Deep & Cross Network for Ad Click Predictions
This addresses the need for automated feature engineering in ad click prediction and similar tasks, offering a novel method that improves efficiency and performance.
The paper tackles the problem of manual feature engineering in prediction models by proposing the Deep & Cross Network (DCN), which introduces a cross network for efficient learning of bounded-degree feature interactions, resulting in superior model accuracy and memory usage over state-of-the-art algorithms on CTR and dense classification datasets.

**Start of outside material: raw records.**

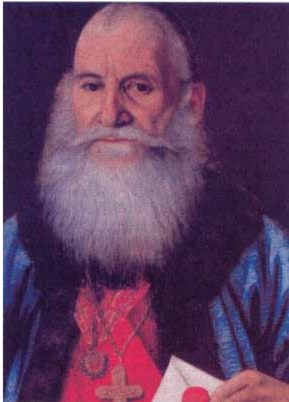
Прота Матеја Ненадовић
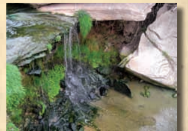
Salt d'aigua del Gorg de la Donzella, riera d'Olost, 2009

El Gorg de la Donzella està situat al sud del nucli urbà d'Olost, a pocs metres de la depuradora del poble, en un punt força engorjat de la riera d'Olost. Es tracta d'un gorg de dimensions mitjanes i de forma ovalada. Queda tancat en tres quarts de part del volt per un cingle rocós que assoleix alçades d'uns 4 metres. L'aigua arriba al gorg fent un petit salt d'un metre i arriba a una petita plataforma rocosa, on rep les aigües tractades per la depuradora, just abans de saltar els quatre metres del cingle rocós. Just sota el salt d'aigua, la roca forma una petita balma plena de vegetació. A l'interior del gorg hi ha grans blocs de pedra despresos, alguns dels quals, de color negrós, es troben just sota el saltant d'aigua. Sobre el gorg, en un punt on la riera és estreta i passa entre roques, hi ha dos blocs rectangulars de pedra treballats, que formaven unes passeres que permetien creuar la riera a peu.
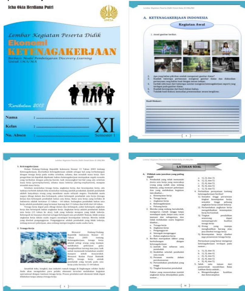
Gambar 5. LKPD Setelah Revisi

Setelah ditelaah oleh beberapa ahli, LKPD direvisi berdasarkan hasil telaah dari validator. LKPD yang dikembangkan terdiri dari sampul, kata pengantar, daftar isi, petunjuk penggunaan LKPD, KI dan KD, materi, lembar tugas, latihan soal, dan daftar pustaka. Pada LKPD yang dikembangkan terdapat banyak gambar yang berwarna guna menarik minat peserta didik dan meningkatkan pemahamannya terhadap materi. Selain itu kegiatan atau tugas ditampilkan di awal LKPD sebelum masuk pada materi untuk mendorong peserta didik turut aktif dalam pembelajaran.
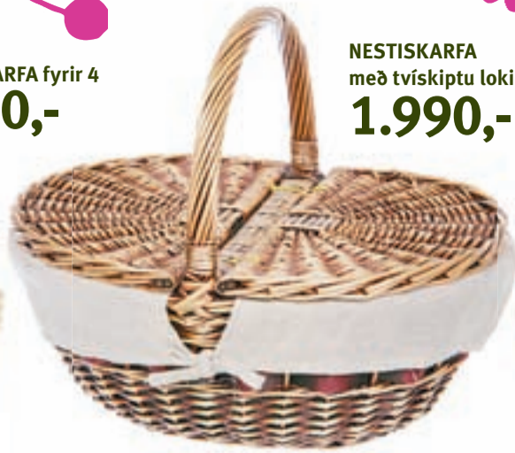
NESTISKARFA með tvískiptu loki 1.990,-
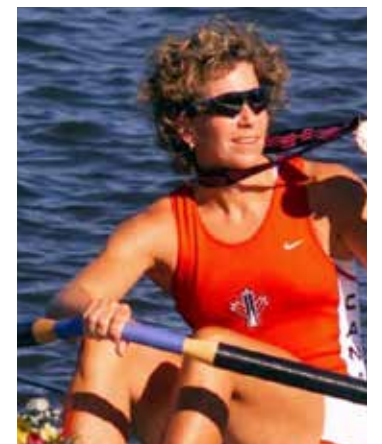
Marnie McBean - Kanados olimpiečių komandos atstovė būsimosiose 2020 Tokijo vasaros žaidynėse

Marnie McBean, vienos olimpinės žaidynės laimėjusi 3 aukso medalius, išrinkta Kanados olimpinės komandos viešųjų ryšių atstove 2020 metų Tokijo vasaros olimpiadoje. Sportininkei tai bus 10 olimpinės žaidynės: dviejose iš jų dalyvavo irklavimo rungtyse, kitose – kaip trenerė ir patarėja sportininkams. Marnie Mc Bean yra Kanados Garbės ordino narė, jos vardas įrašytas Kanados olimpinėje garbės sąrašė, už nuopelnus sportui ir tarptautinei veiklai yra apdovanota gen. gubernatoriaus ir Karalienės Elžbietos medaliais.
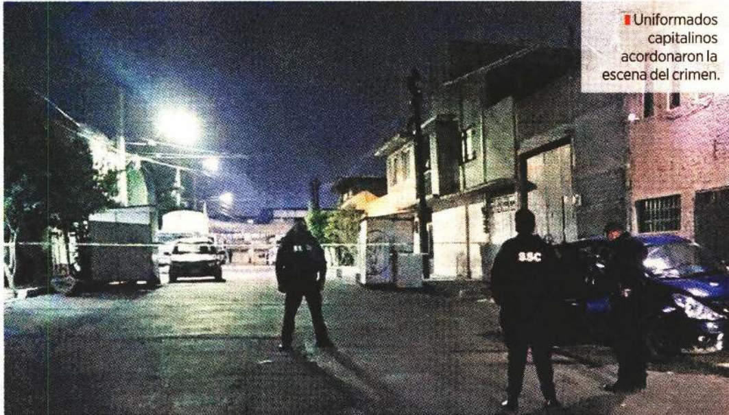
Uniformados capitalinos acordonaron la escena del crimen.
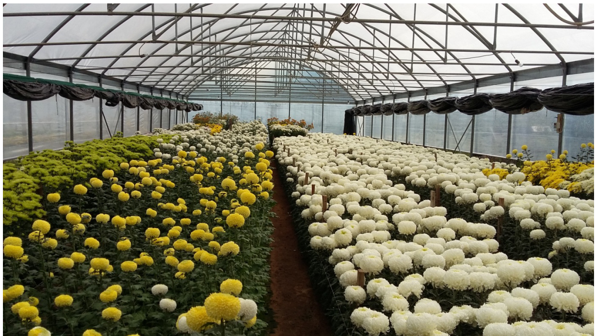
Slika 1. Krizanteme za rez

Domovina krizantema je istočna Kina. U Kini je krizantema simbola dugog života, a u Japanu je nacionalni cvijet. Europljani su krizanteme upoznali s oslikanih svilenih kimona. Tek koncem 17. st. došli su prvi vrtni oblici krizantema no oni se nisu zadržali. Od tada je prošlo stotinu godina od početka širenja krizantema u Europu. Poticaj su dali prvi kultivari izloženi 1796. god. u Engleskoj. Nakon toga se povećava uvođenje krizantema u Europu, a od polovice 19. st. Počinje i oplemenjivanje.

Feature engineering has been the key to the success of many prediction models. However, the process is non-trivial and often requires manual feature engineering or exhaustive searching. DNNs are able to automatically learn feature interactions; however, they generate all the interactions implicitly, and are not necessarily efficient in learning all types of cross features. In this paper, we propose the Deep & Cross Network (DCN) which keeps the benefits of a DNN model, and beyond that, it introduces a novel cross network that is more efficient in learning certain bounded-degree feature interactions. In particular, DCN explicitly applies feature crossing at each layer, requires no manual feature engineering, and adds negligible extra complexity to the DNN model. Our experimental results have demonstrated its superiority over the state-of-art algorithms on the CTR prediction dataset and dense classification dataset, in terms of both model accuracy and memory usage.